§ **Task item**:
A verbatim repeat of the lines below is required, with the pictures removed.

§ **Raw data**:
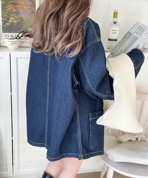 デニムのカジュアル感がありながらも、衿とボタンの配色できちんと感をプラス。
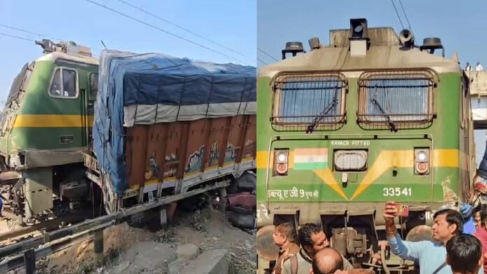 झारखंड के देवघर जिले में आज (22 जनवरी 2026) सुबह एक बड़ा रेल हादसा होते-होते टल गया। जसीडीह-मधुपुर रेलखंड पर रोहिणी-नावाडीह रेलवे फाटक (गुमटी नंबर 27) के पास गोंडा से आसनसोल जा रही ट्रेन नंबर 13510 गोंडा-आसनसोल एक्सप्रेस ने पटरी पर फंसे चावल (धान) से लदे ट्रक को पीछे से जोरदार टक्कर मार दी। फाटक जाम होने या बंद न होने के कारण ट्रक पटरी पर अटक गया था। टक्कर से ट्रक बुरी तरह क्षतिग्रस्त हो गया और उसके साथ खड़ी दो बाइक भी चपेट में आ गईं, जिसमें 2 बाइक सवार घायल हुए हैं। गनीमत रही कि ट्रेन नहीं पलटी और कोई यात्री घायल नहीं हुआ। हादसे का वीडियो सोशल मीडिया पर वायरल हो रहा है, जिसमें ट्रेन की टक्कर और अफरा-तफरी का मंजर साफ दिख रहा है। रेलवे ने जांच शुरू कर दी है।
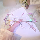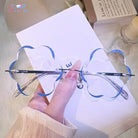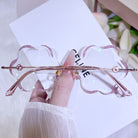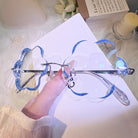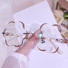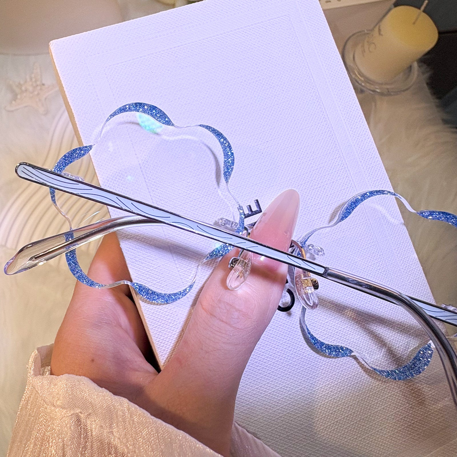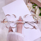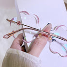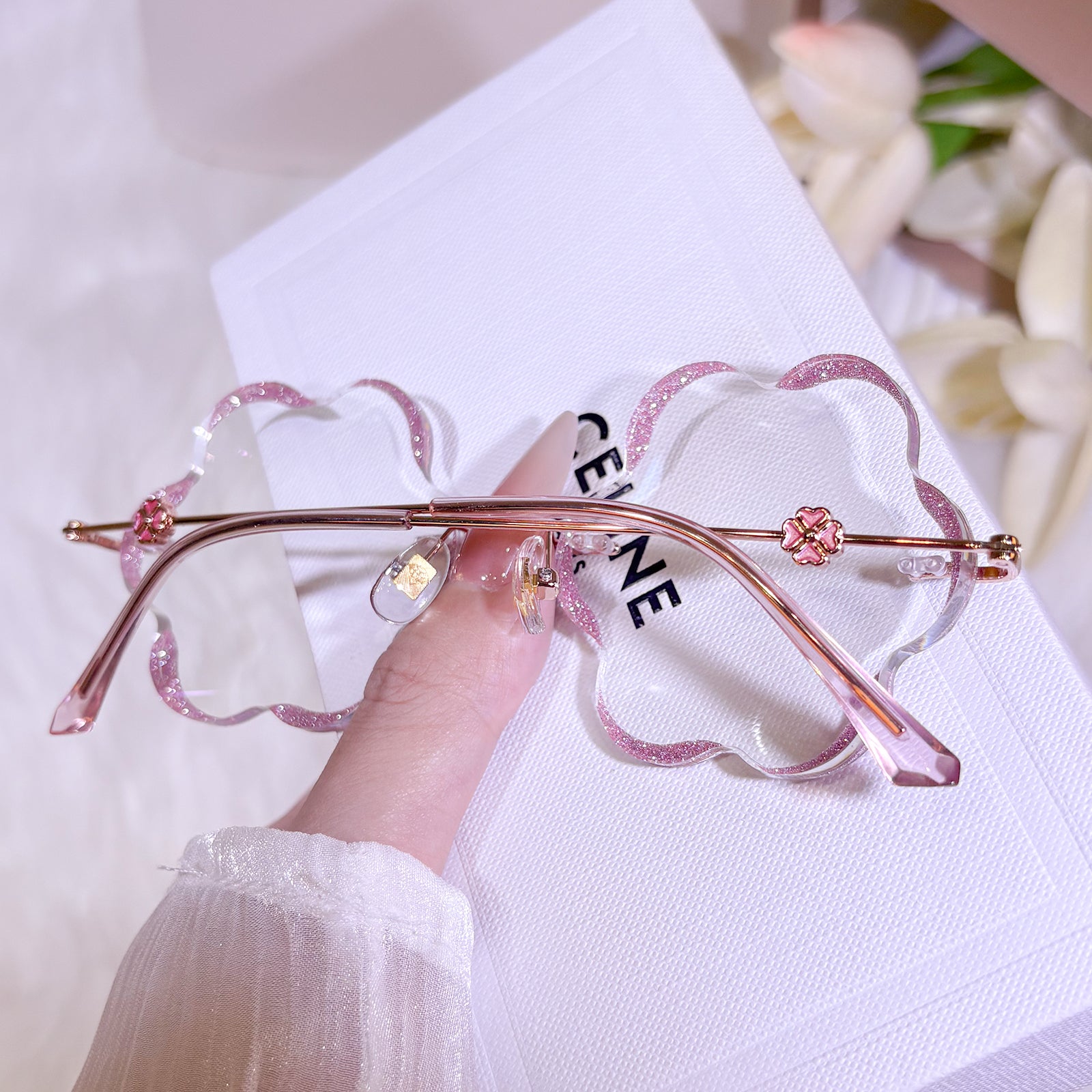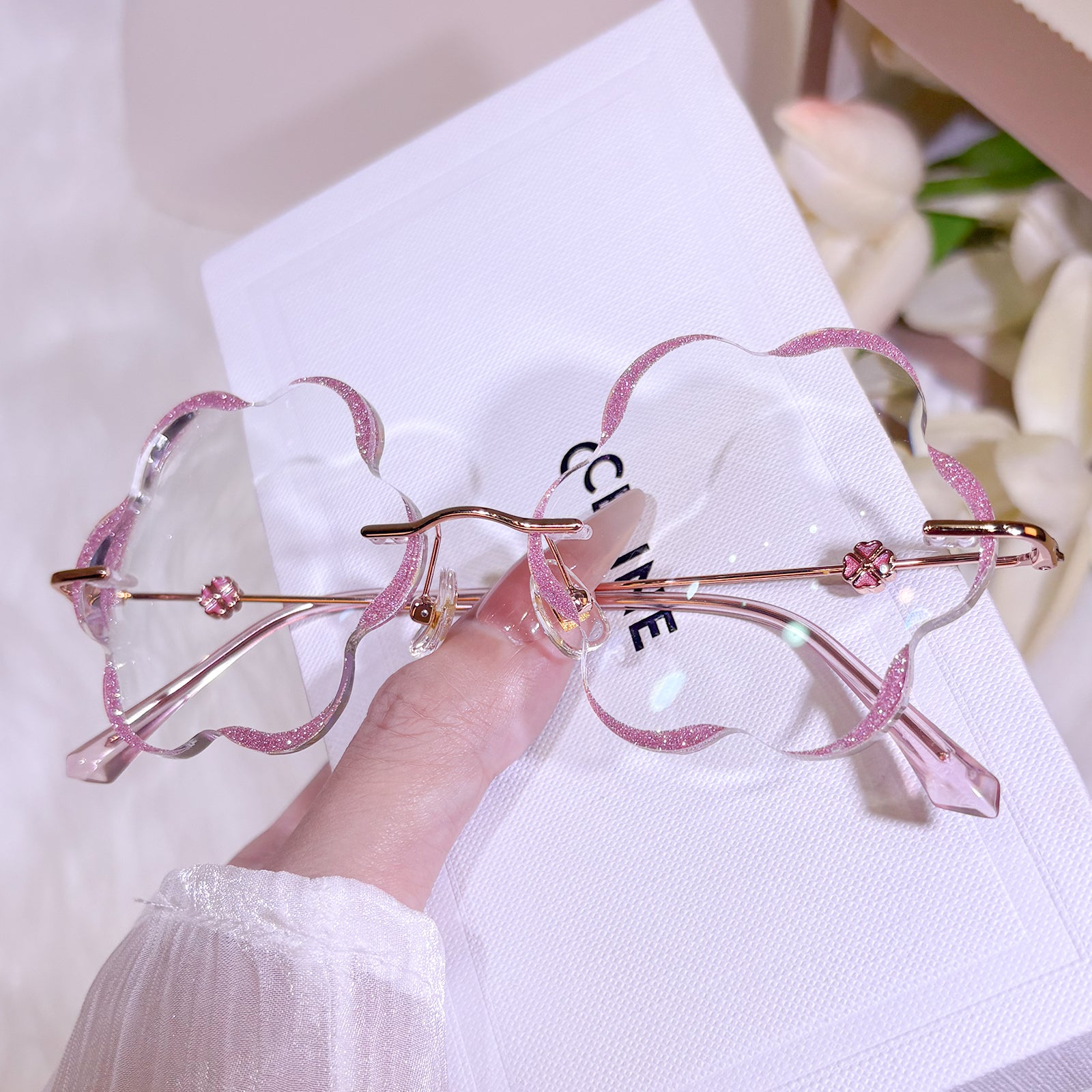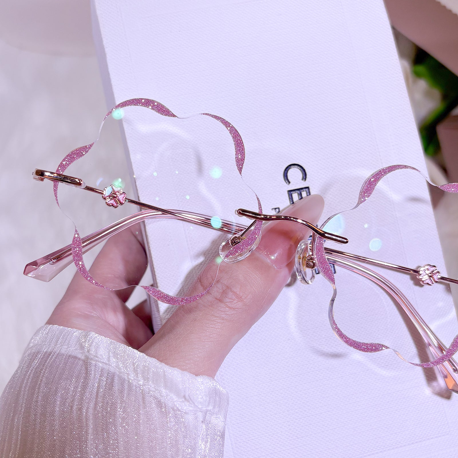 | Exlusive Design | This feminine rimless eyeglass design features dreamy petal-shaped lenses, delicately outlined with shimmering gold glitter for an enchanting sparkle. The metal temples are adorned with charming little flower accents, adding a sweet and whimsical touch. Light, elegant, and full of personality — perfect for those who love a playful yet graceful statement.

§ **Problem solution**:
 デニムのカジュアル感がありながらも、衿とボタンの配色できちんと感をプラス。
 झारखंड के देवघर जिले में आज (22 जनवरी 2026) सुबह एक बड़ा रेल हादसा होते-होते टल गया। जसीडीह-मधुपुर रेलखंड पर रोहिणी-नावाडीह रेलवे फाटक (गुमटी नंबर 27) के पास गोंडा से आसनसोल जा रही ट्रेन नंबर 13510 गोंडा-आसनसोल एक्सप्रेस ने पटरी पर फंसे चावल (धान) से लदे ट्रक को पीछे से जोरदार टक्कर मार दी। फाटक जाम होने या बंद न होने के कारण ट्रक पटरी पर अटक गया था। टक्कर से ट्रक बुरी तरह क्षतिग्रस्त हो गया और उसके साथ खड़ी दो बाइक भी चपेट में आ गईं, जिसमें 2 बाइक सवार घायल हुए हैं। गनीमत रही कि ट्रेन नहीं पलटी और कोई यात्री घायल नहीं हुआ। हादसे का वीडियो सोशल मीडिया पर वायरल हो रहा है, जिसमें ट्रेन की टक्कर और अफरा-तफरी का मंजर साफ दिख रहा है। रेलवे ने जांच शुरू कर दी है।
 | Exlusive Design | This feminine rimless eyeglass design features dreamy petal-shaped lenses, delicately outlined with shimmering gold glitter for an enchanting sparkle. The metal temples are adorned with charming little flower accents, adding a sweet and whimsical touch. Light, elegant, and full of personality — perfect for those who love a playful yet graceful statement.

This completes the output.